The principle question of this letter is directed to the observation “that exposure of the hematopoietic cells for 24 hours to the adenoviral vector appears to have resulted in a threefold increase in the percentage of cells that are positive for one of the markers CD2, CD13, or CD56, whereas exposure to the adenovirus vector for 24 hours does not increase the percentage of cells that are CD34+.” As discussed in the original report, the studies that examined CD2, CD13, and CD56 expression were undertaken on a total bone marrow cell population. In contrast, the studies on CD34+ cells were undertaken on isolated CD34+ cell populations that were approximately 80% pure at the initiation of infection. Thus, there are significant differences in the composition of these two populations, and it is unlikely that such a purified population would vary in their phenotype frequency. Furthermore, because there is no decrease in the frequency of CD34+ cells, this would speak against differentiation as a mechanism, because we would expect CD34 positivity to be lost as progenitor cells differentiate. However, as Fu et al indicate, their appears to be an induction of differentiation of lymphoid cells or some other mechanism that results in an increase in positive cells. We had not stressed this in the original manuscript because it was not central to the original hypothesis and would like to thank Fu et al for identify this intriguing hypothesis. We agree that it warrants further study.

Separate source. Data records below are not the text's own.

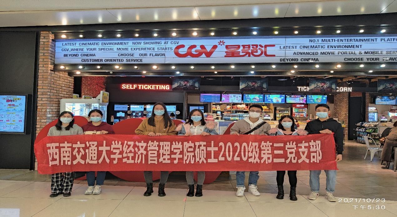 为庆祝中国共产党成立100周年,中国人民解放军建军94周年,硕士2020级第三党支部于2021年10月23日下午组织了《长津湖》观影活动,重温红色历程,感受爱国情怀。
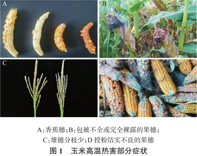 植物热胁迫可分为高温与高热两类,其中高温胁迫通常温度较低但持久,高热胁迫则时间短而温度极高,这两种胁迫均会对玉米的生长发育、生理生化指标、产量和品质产生不同程度的影响。在苗期,当遭遇日平均温度≥32℃的条件,植株生长即受抑制,表现为叶片卷曲、长势纤弱及光合能力下降;进入孕穗期后,高温热害将严重阻碍雌穗分化,导致果穗发育迟缓并形成空秆或多种畸形穗,如形状弯曲的香蕉穗(图1A)、苞叶短包被不全的乃至完全裸露的果穗等(图1B);至开花期,若出现连续3d以上日最高温≥35℃的天气,会导致雄穗分枝少、小花退化、花粉活力降低乃至败育,严重影响散粉(图1C);随后的吐丝期高温热害则会延缓雌穗吐丝,造成花期不遇,授粉结实不良(图1D)。从产量构成来看,穗粒数与千粒重这两个关键指标均受高温热害的显著负面影响;一方面通过降低花粉与花丝活力,减少有效受精,导致穗粒数显著降低;另一方面,在灌浆期间加速叶片衰老,削弱光合作用,致使同化物供应不足、籽粒灌浆受阻,最终造成千粒重下降与产量锐减,严重时减产幅度可超过30%。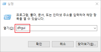 ▷ "윈도우즈키 + R"로 실행 창을 띄운 후 dfrgui 실행 명령어를 입력하면 디스크 조각 모음이 실행됩니다.
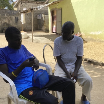 Ein Besuch bei der kleinen Mariama Ndow, um nach dem Libresensor zu schauen. Gestern wurde er während der Kinderschule herausgerissen. Wir haben ihn neu gesetzt, sie hat noch 6 ungebrauchte, das reicht für zweieinhalb Monate. Sheriff kam dazu, er hat ein Mobilephone überreicht bekommen (hat Katja gespendet). Zwei Stunden später war es schon mit WhatsApp aktiv!

As Fu et al are aware, it is very difficult to do four- or five-color analysis in FACS. Studies using propidium iodide results in fluorescence that can be observed in both the phycoerythrin and the fluorescein channel due to the wide emission spectra of propidium iodide. This would preclude the use of FDG fluorescein as an analysis parameter. Although compensation protocols are available, compensation may cause loss of data. Thus, we have not undertaken propidium iodide studies; furthermore, we suggest that gating parameters would remove the majority of dead cells and believe that the functional data shown in Table 2 successfully speak to this, where, in seven studies, no decrease in functionality was seen in the sorted cells.

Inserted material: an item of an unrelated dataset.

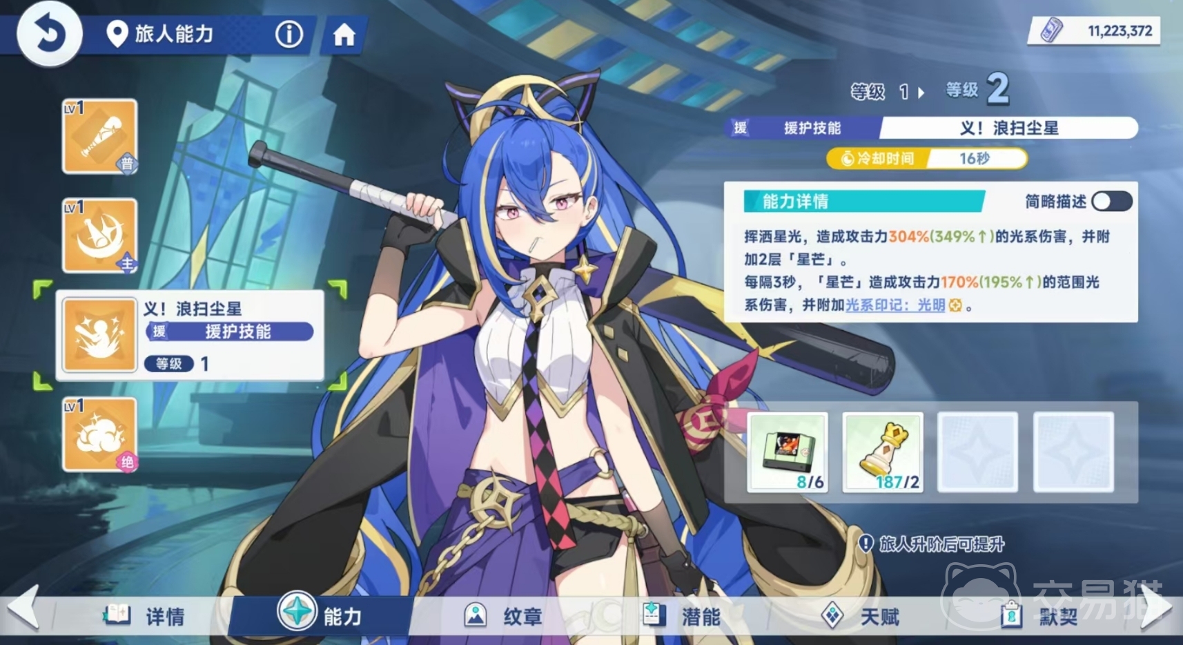 密涅瓦的核心机制围绕“援助技”展开。该技能不仅能对敌人造成直接光系伤害,还会附加“星芒”状态。每三秒,一层星芒会自动引爆,再次造成范围伤害,并在目标身上叠加光系印记。这一机制极大提升了主控角色触发印记爆炸的频率,从而显著增强整体输出效率。此外,她的绝招拥有极高的覆盖率和持续性,每0.3秒发动一次范围攻击,总共持续5秒,在面对群体敌人时清场能力尤为突出;即便在单体战斗场景下,也能有效补充队伍的输出缺口。

Clearly, all studies can be improved upon and the use of a marker construct such as p53 infection of enriched CD34+ cells and the demonstration of message and/or protein would be an excellent improvement. Similarly, membrane expression of adenovirus proteins on CD34+ cells would be another way to further substantiate our conclusion. Both of the studies mentioned above have been initiated and will be published in due course. However, we believe that the studies shown in Table 2 constitute a solid demonstration of adenovirus infectivity of CD34+ cells with the retention of hematopoietic function. Furthermore, the studies of Neering et al,1-2 Spence et al,1-2 and Abraham et al1-4 1-5 provide confirmation of these observations.